> **Task item**
Go to the line holding "soft, luminous finish." in the data below. Return it and each line after it through the last, exactly, and skip the pictures.

> **Saved data entries**
□ □ □ □ □

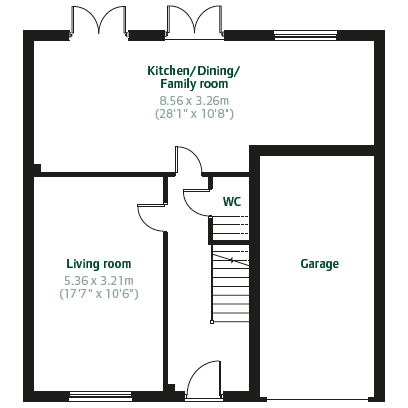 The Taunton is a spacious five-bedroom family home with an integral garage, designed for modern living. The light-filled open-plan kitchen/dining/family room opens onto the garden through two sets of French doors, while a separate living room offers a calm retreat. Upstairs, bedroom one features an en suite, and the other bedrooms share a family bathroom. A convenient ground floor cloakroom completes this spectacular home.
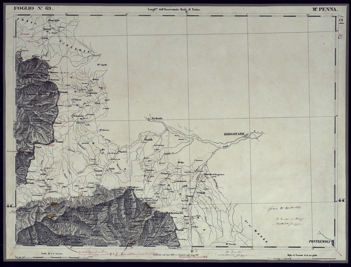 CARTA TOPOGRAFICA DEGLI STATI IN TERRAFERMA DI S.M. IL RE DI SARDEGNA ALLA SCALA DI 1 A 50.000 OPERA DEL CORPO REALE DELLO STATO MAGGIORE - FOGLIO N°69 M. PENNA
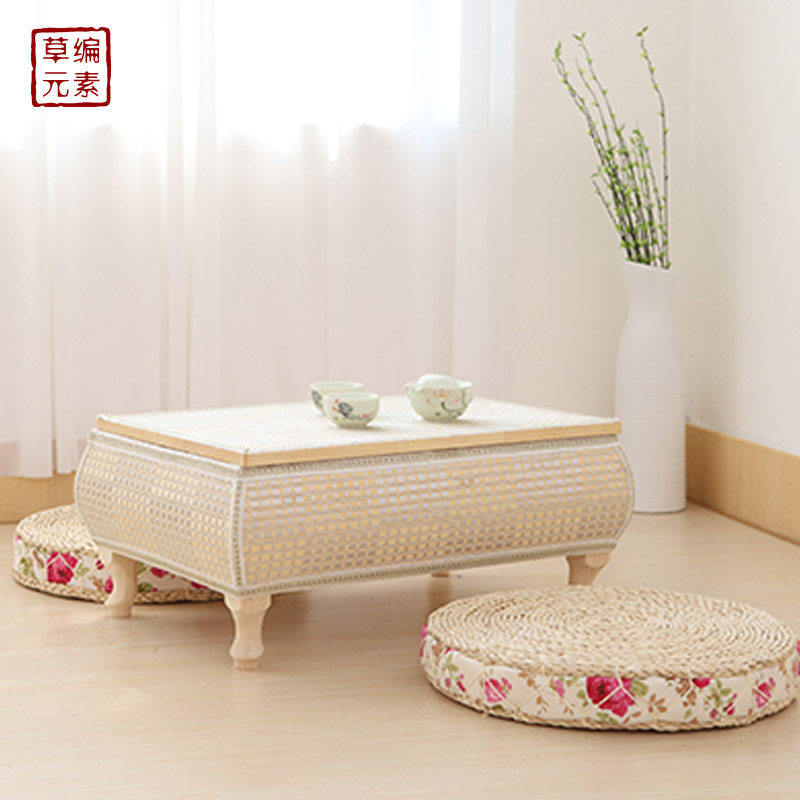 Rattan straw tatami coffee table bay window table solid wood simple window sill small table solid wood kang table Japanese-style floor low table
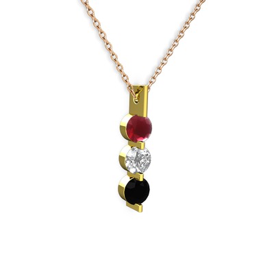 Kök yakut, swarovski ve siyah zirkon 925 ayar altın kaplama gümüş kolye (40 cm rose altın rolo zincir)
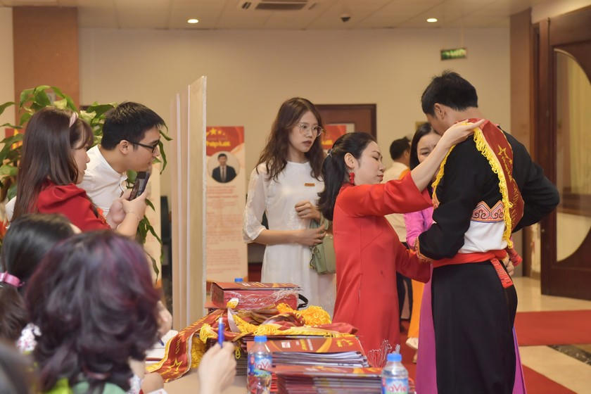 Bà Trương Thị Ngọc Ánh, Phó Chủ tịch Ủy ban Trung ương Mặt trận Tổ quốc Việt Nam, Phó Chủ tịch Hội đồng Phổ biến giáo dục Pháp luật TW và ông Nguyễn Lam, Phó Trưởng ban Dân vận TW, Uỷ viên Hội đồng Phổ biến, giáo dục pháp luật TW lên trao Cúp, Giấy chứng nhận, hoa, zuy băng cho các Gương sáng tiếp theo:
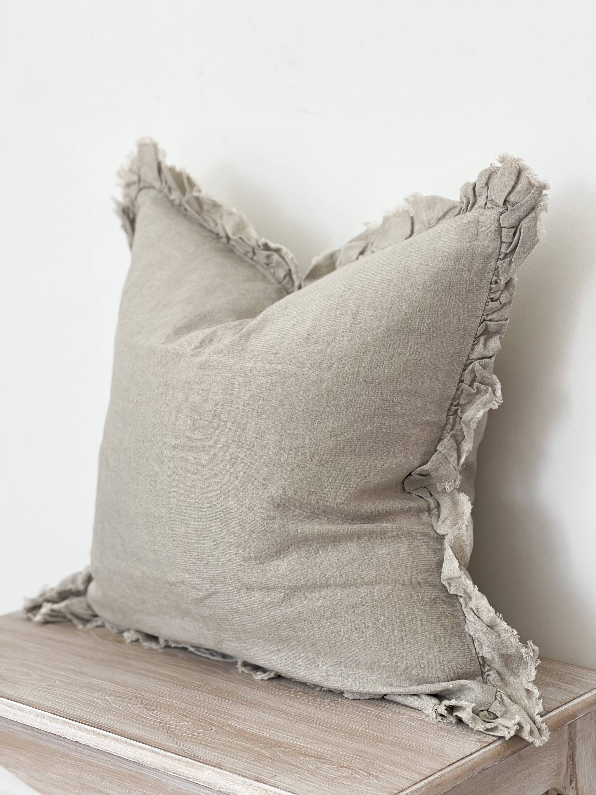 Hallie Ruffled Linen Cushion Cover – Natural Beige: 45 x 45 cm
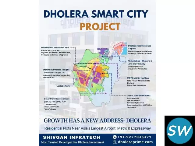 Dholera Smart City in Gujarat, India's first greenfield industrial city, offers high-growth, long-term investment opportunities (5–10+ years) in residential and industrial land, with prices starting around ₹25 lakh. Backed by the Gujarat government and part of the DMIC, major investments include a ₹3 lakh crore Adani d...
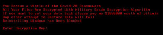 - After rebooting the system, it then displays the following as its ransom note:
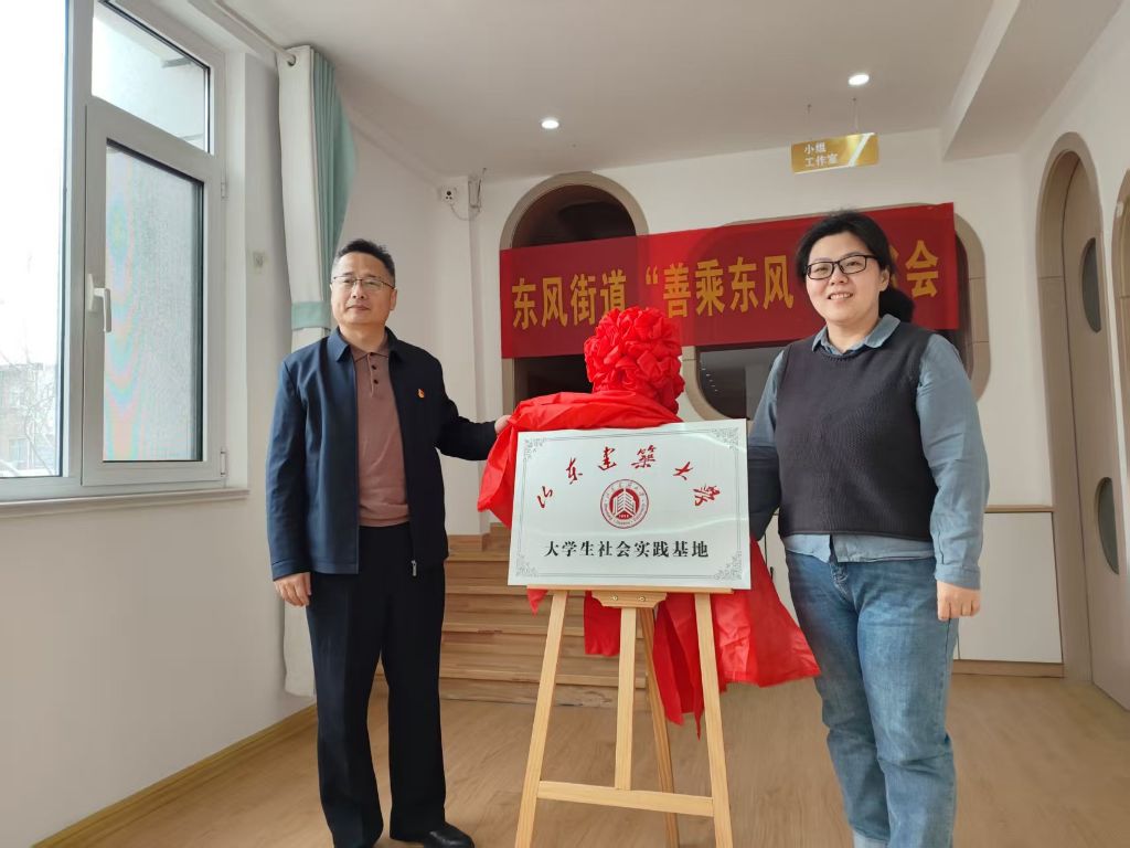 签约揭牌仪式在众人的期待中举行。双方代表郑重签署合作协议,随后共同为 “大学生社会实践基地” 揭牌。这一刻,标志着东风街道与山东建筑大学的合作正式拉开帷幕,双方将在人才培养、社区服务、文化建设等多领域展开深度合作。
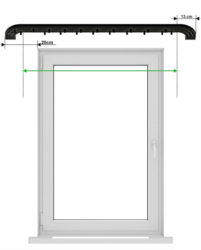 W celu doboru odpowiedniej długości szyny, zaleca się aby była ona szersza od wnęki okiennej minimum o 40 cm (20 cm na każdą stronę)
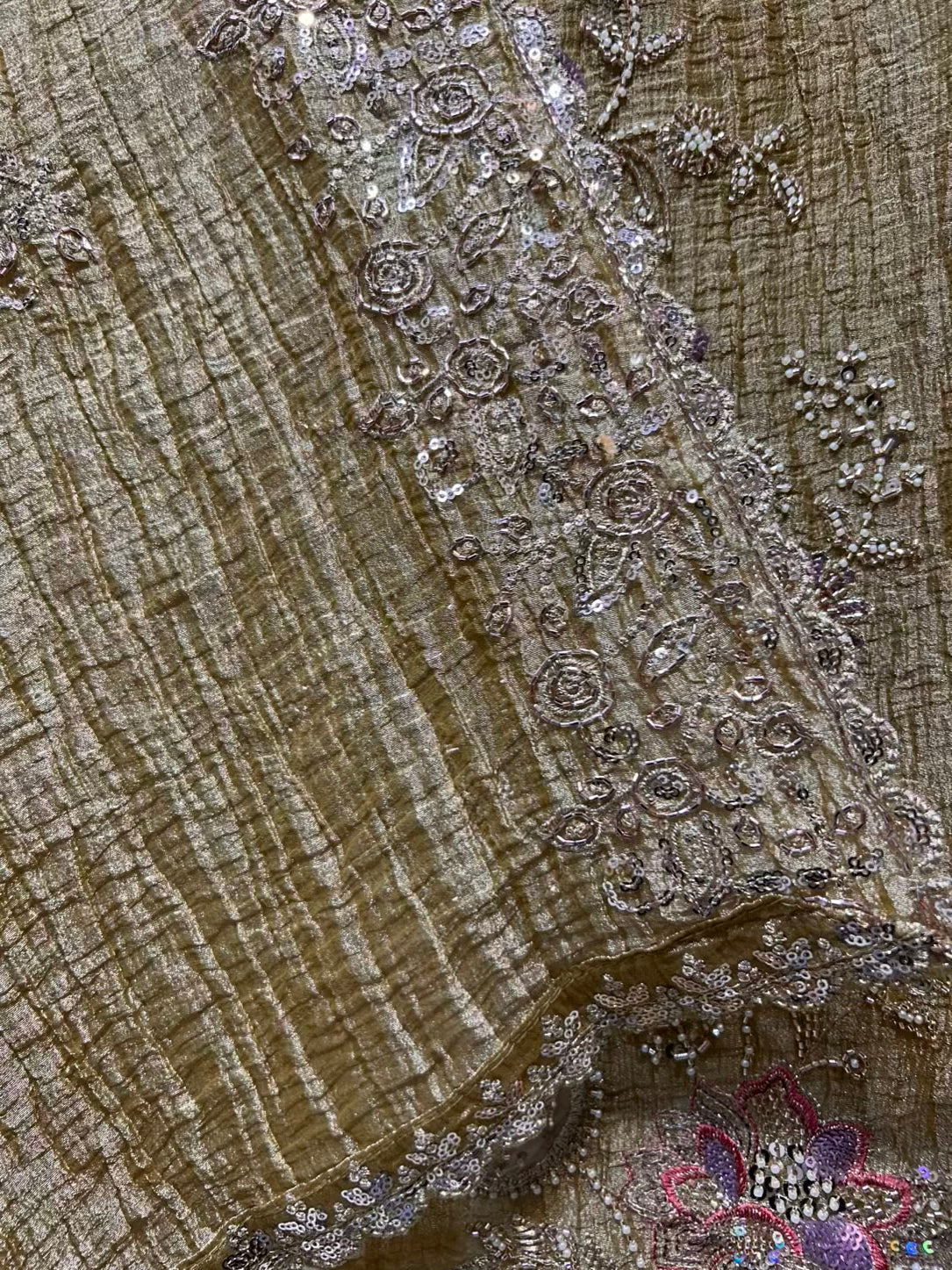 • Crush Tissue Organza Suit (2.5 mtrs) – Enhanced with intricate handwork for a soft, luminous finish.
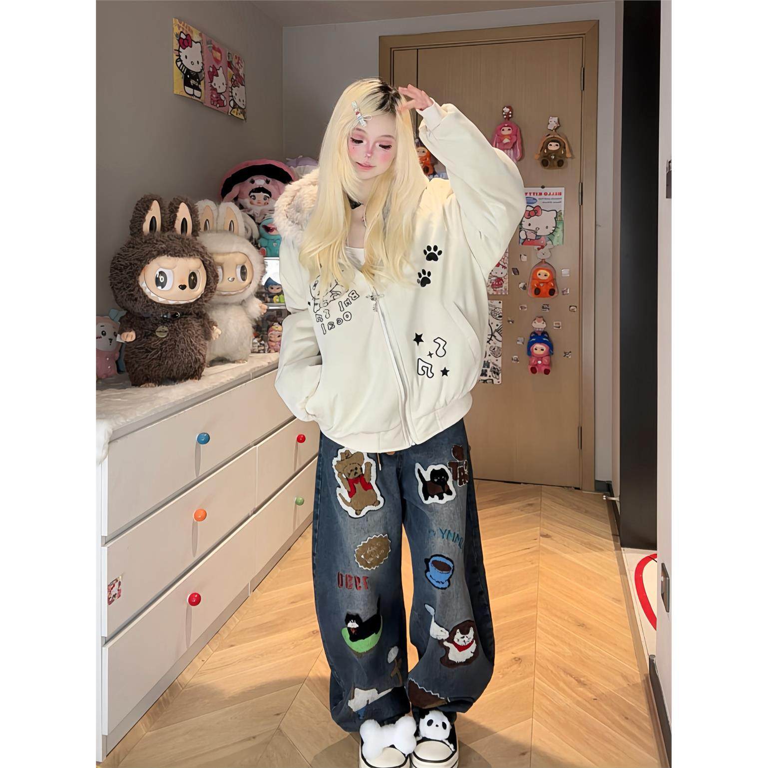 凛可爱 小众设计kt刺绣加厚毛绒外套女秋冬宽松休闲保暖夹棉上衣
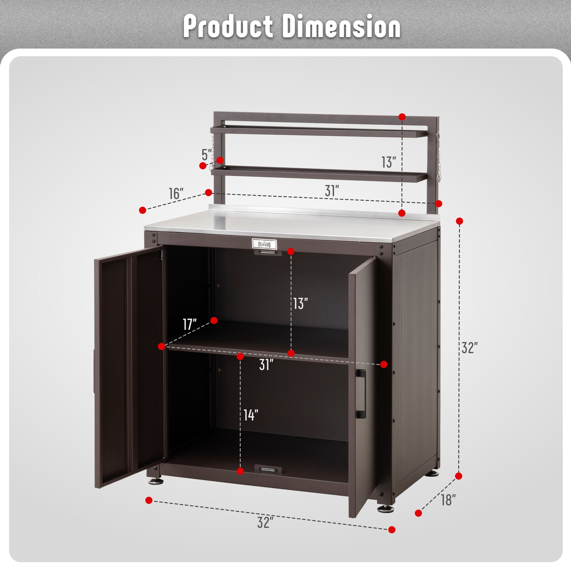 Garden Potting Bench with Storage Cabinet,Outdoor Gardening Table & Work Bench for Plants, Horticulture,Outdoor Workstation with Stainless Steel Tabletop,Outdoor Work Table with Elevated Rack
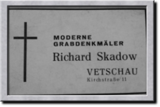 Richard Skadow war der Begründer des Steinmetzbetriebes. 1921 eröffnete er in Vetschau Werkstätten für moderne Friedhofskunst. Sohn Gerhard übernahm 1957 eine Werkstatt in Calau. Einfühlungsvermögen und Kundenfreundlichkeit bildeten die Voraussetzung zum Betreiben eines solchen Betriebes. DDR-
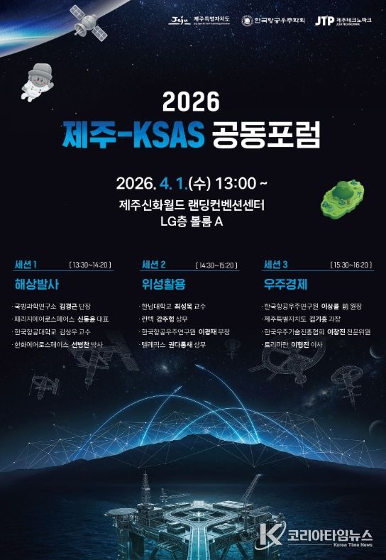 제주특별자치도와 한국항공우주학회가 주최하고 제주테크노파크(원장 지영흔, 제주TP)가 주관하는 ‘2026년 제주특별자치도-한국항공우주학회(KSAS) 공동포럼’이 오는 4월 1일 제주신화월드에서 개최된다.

□ □ □ □ □

> **Your response**
 • Crush Tissue Organza Suit (2.5 mtrs) – Enhanced with intricate handwork for a soft, luminous finish.
 凛可爱 小众设计kt刺绣加厚毛绒外套女秋冬宽松休闲保暖夹棉上衣
 Garden Potting Bench with Storage Cabinet,Outdoor Gardening Table & Work Bench for Plants, Horticulture,Outdoor Workstation with Stainless Steel Tabletop,Outdoor Work Table with Elevated Rack
 Richard Skadow war der Begründer des Steinmetzbetriebes. 1921 eröffnete er in Vetschau Werkstätten für moderne Friedhofskunst. Sohn Gerhard übernahm 1957 eine Werkstatt in Calau. Einfühlungsvermögen und Kundenfreundlichkeit bildeten die Voraussetzung zum Betreiben eines solchen Betriebes. DDR-
 제주특별자치도와 한국항공우주학회가 주최하고 제주테크노파크(원장 지영흔, 제주TP)가 주관하는 ‘2026년 제주특별자치도-한국항공우주학회(KSAS) 공동포럼’이 오는 4월 1일 제주신화월드에서 개최된다.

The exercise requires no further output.